Take the entries below and reproduce exactly the portion that begins at the line containing "Dateikommentar: unterer Trassenverlauf" and ends at the line containing "お参りのあと、たくさんの人々", keeping both ends, dropping pictures, and adding nothing else.

TASK DATA:
Start of Block

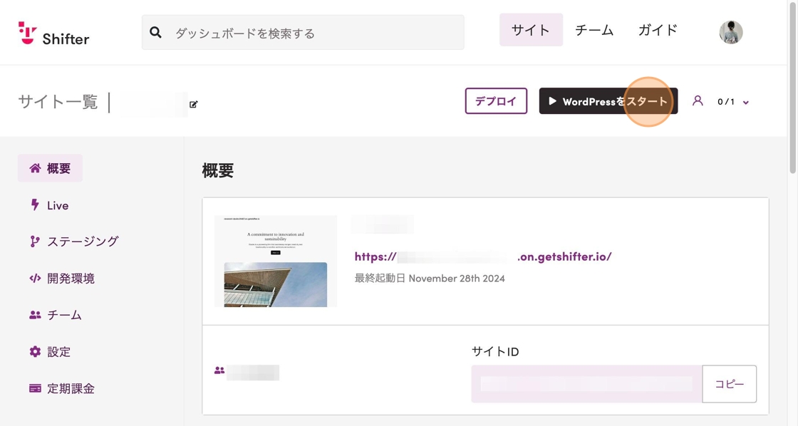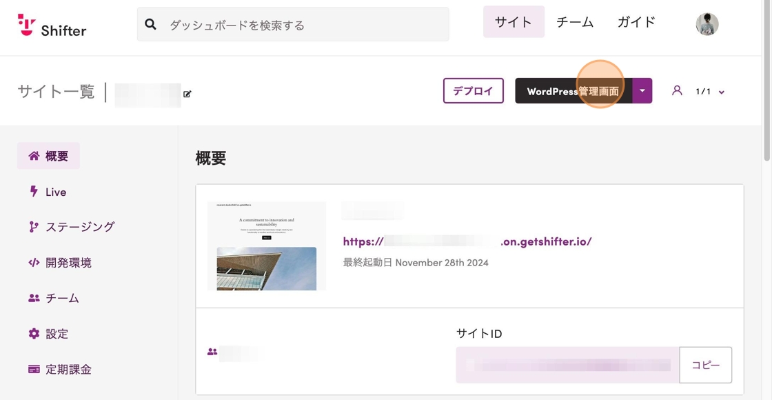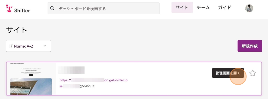 1.  Shifter ダッシュボードへログインしサイト一覧の中から、該当のサイトの「管理画面を開く」をクリックします。
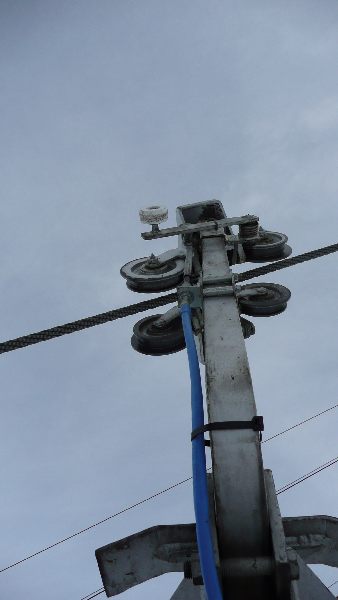 Dateikommentar: unterer Trassenverlauf der Zweiseilumlufbahn; die blaue Piste überquert auch eine Straße
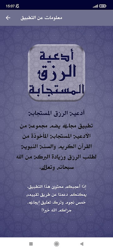 Orang mukmin harus senantiasa mengupayakan sarana, selain do’a dan permohonan kepada Tuhan Yang Maha Esa, karena juga dianggap sebagai salah satu sarana rezeki. Dalam aplikasi ini kami sajikan untuk anda berbagai macam permohonan memohon kemudahan kepada Allah SWT dan tercapainya cita-cita, baik itu mencari pekerjaan, berhasil dalam studi, mendatangkan uang, mendapatkan istri, dan lain sebagainya. Semua itu insya Allah bisa tercapai melalui doa, permohonan, dan ruqyah yang sah. Berbagai doa religi diambil dari hadis suci, hadis shahih nabi, dan dari kitab suci al qur'an untuk memohon kemudahan rezeki, karena semua rezeki ada ditangan Allah semata, maka dari itu kami persembahkan untuk anda doa-doa yang terkabul ini setiap saat pada saat salat subuh atau magrib, pada saat ramadhan, hari libur, dan setiap hari.Doa harian sebelum tidur dan pagi hari.Doa sholat tarawih dan sholat malam. Doa-doa ini diterima, Insya Allah, dan Anda dapat mendoakannya pada Idul Fitri, Idul Adha, pada Lailatul Qadr, dan pada pagi dan sore hari setiap hari, agar Tuhan Yang Maha Esa meridhoi Anda dan serahkan urusanmu kepadamu dengan rahmat dan kemurahan-Nya, Yang Maha Kuasa. Doa terindah untuk mematahkan mantra, mengusir mata jahat dan iri hati, Insya Allah SWT, serta menarik segala kebaikan dan kebaikan.
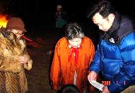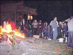 お参りのあと、たくさんの人々がたき火の周りに集まり、新年のあいさつを交わしたりして、談笑しています(左写真)。かっぽ酒もあるようですね。私は、話しかけてくれた近所の20年ぶりの里帰り青年、10年ぶり再会の元気な事業者・・・、1時間、2時間と話に花が咲きました。たくさんのふれあいがありました。いいですね。来年も楽しみにしています。午前12時過ぎです。町内外から参詣者がたえません。
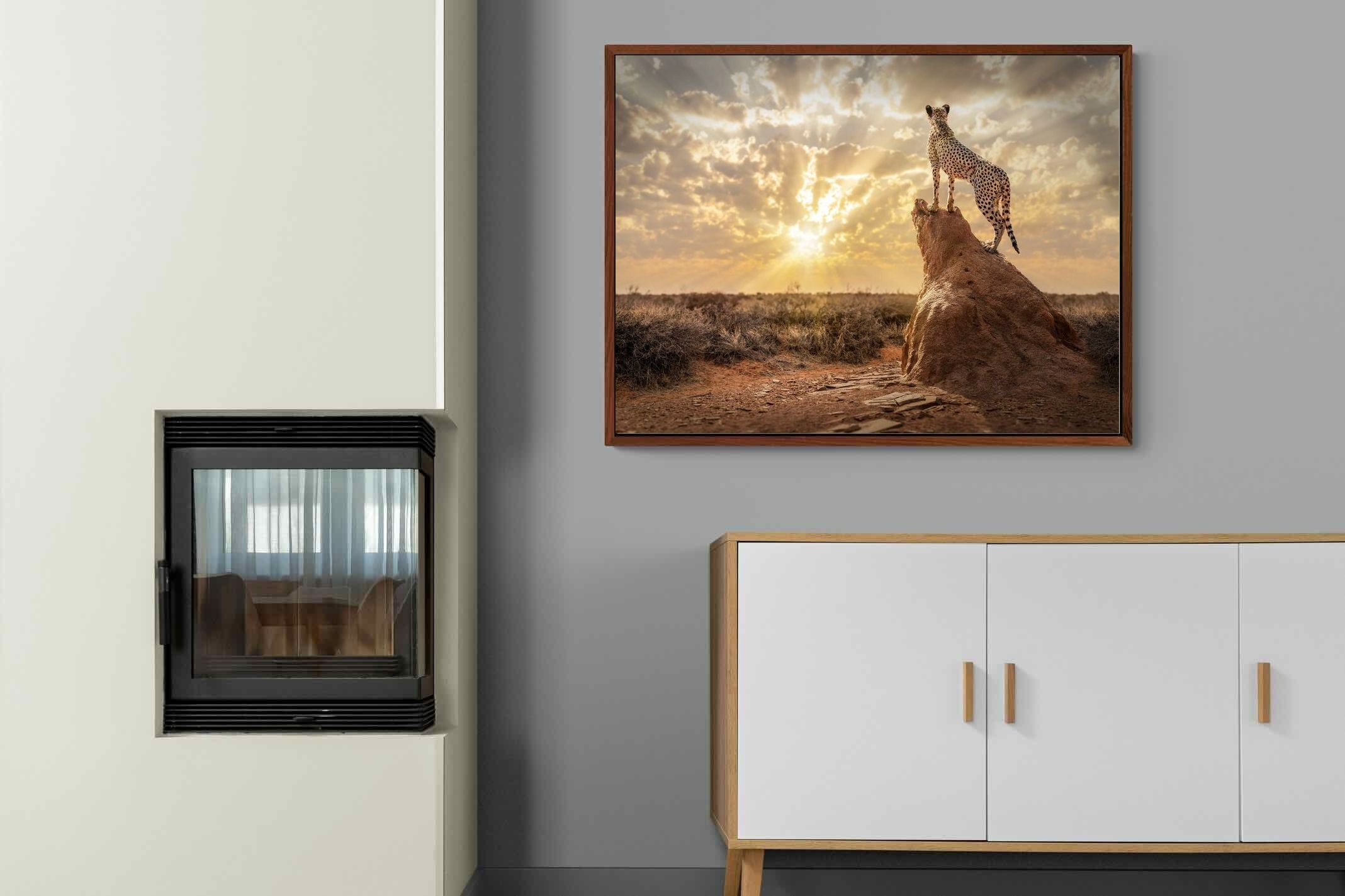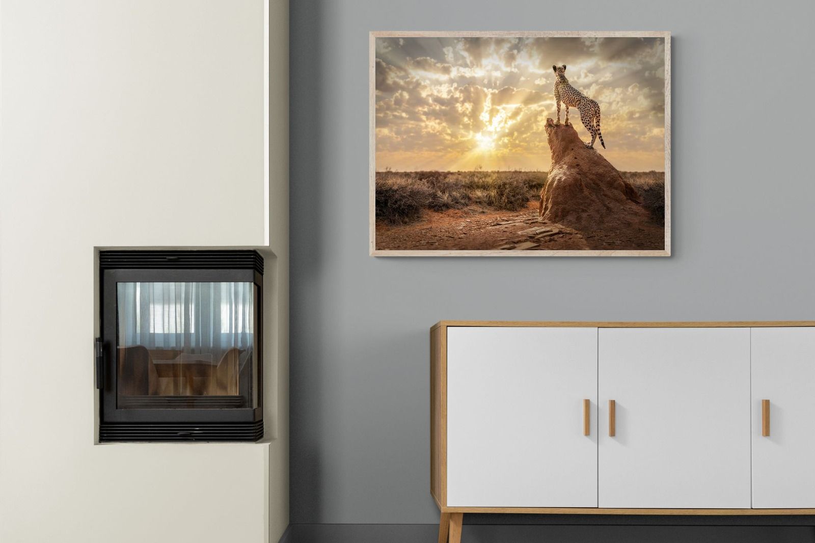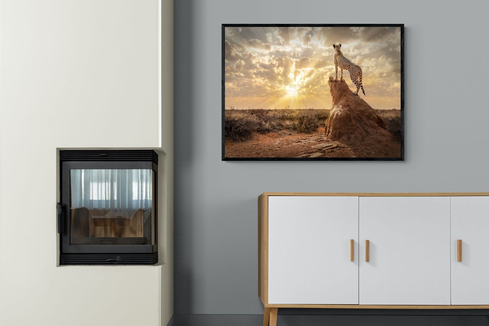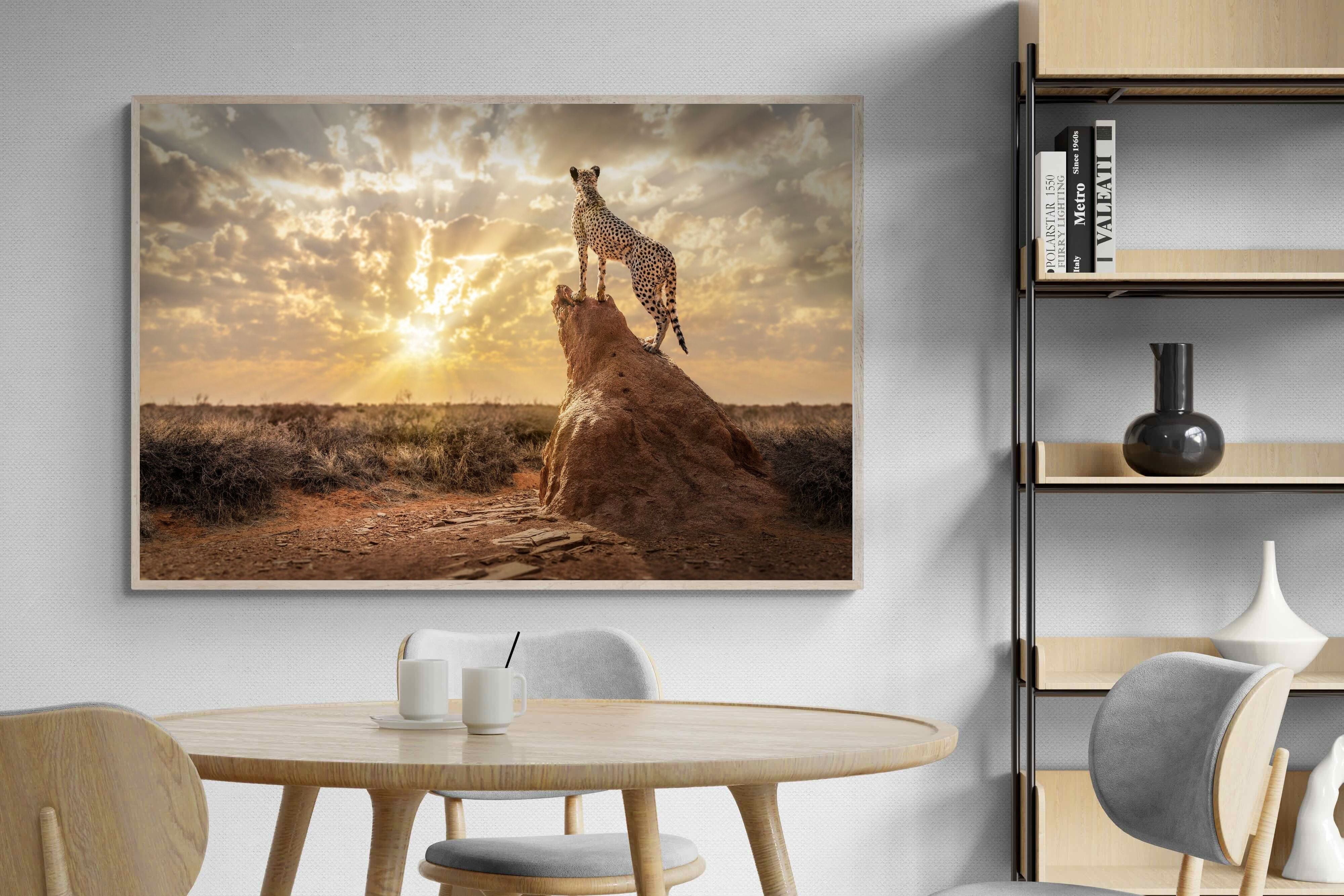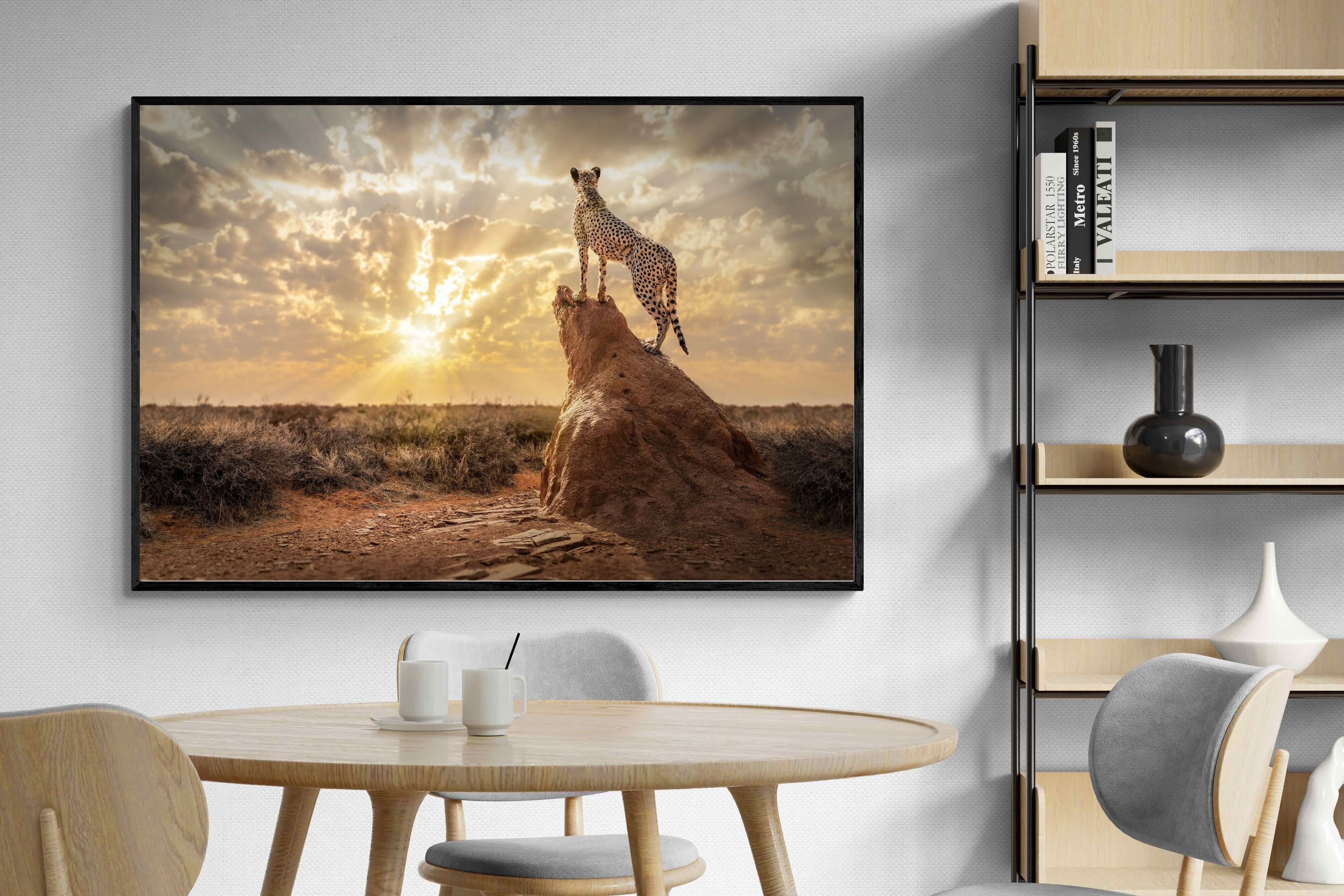 "King of the Savannah" captures the poised cheetah surveying the vast plains, framed against a dramatic sky. The striking black-and-white tones emphasize the grace and strength of this magnificent animal. Ideal for modern homes with an appreciation for wildlife and nature, this powerful image adds drama and depth to any space, serving as a reminder of the untamed beauty of the animal kingdom.
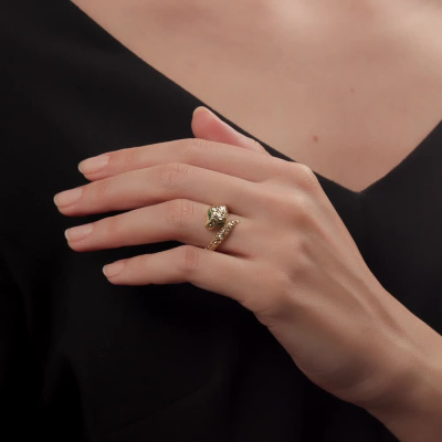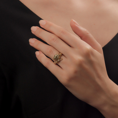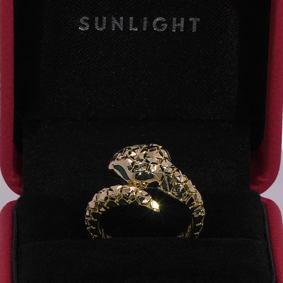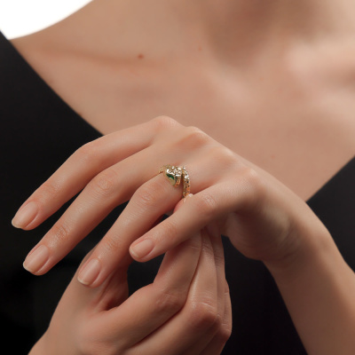 Кольцо, вставка: эмаль зеленая; Желтое золото 585 пробы.

End of Block

TASK RESULT:
 Dateikommentar: unterer Trassenverlauf der Zweiseilumlufbahn; die blaue Piste überquert auch eine Straße
 Orang mukmin harus senantiasa mengupayakan sarana, selain do’a dan permohonan kepada Tuhan Yang Maha Esa, karena juga dianggap sebagai salah satu sarana rezeki. Dalam aplikasi ini kami sajikan untuk anda berbagai macam permohonan memohon kemudahan kepada Allah SWT dan tercapainya cita-cita, baik itu mencari pekerjaan, berhasil dalam studi, mendatangkan uang, mendapatkan istri, dan lain sebagainya. Semua itu insya Allah bisa tercapai melalui doa, permohonan, dan ruqyah yang sah. Berbagai doa religi diambil dari hadis suci, hadis shahih nabi, dan dari kitab suci al qur'an untuk memohon kemudahan rezeki, karena semua rezeki ada ditangan Allah semata, maka dari itu kami persembahkan untuk anda doa-doa yang terkabul ini setiap saat pada saat salat subuh atau magrib, pada saat ramadhan, hari libur, dan setiap hari.Doa harian sebelum tidur dan pagi hari.Doa sholat tarawih dan sholat malam. Doa-doa ini diterima, Insya Allah, dan Anda dapat mendoakannya pada Idul Fitri, Idul Adha, pada Lailatul Qadr, dan pada pagi dan sore hari setiap hari, agar Tuhan Yang Maha Esa meridhoi Anda dan serahkan urusanmu kepadamu dengan rahmat dan kemurahan-Nya, Yang Maha Kuasa. Doa terindah untuk mematahkan mantra, mengusir mata jahat dan iri hati, Insya Allah SWT, serta menarik segala kebaikan dan kebaikan.
 お参りのあと、たくさんの人々がたき火の周りに集まり、新年のあいさつを交わしたりして、談笑しています(左写真)。かっぽ酒もあるようですね。私は、話しかけてくれた近所の20年ぶりの里帰り青年、10年ぶり再会の元気な事業者・・・、1時間、2時間と話に花が咲きました。たくさんのふれあいがありました。いいですね。来年も楽しみにしています。午前12時過ぎです。町内外から参詣者がたえません。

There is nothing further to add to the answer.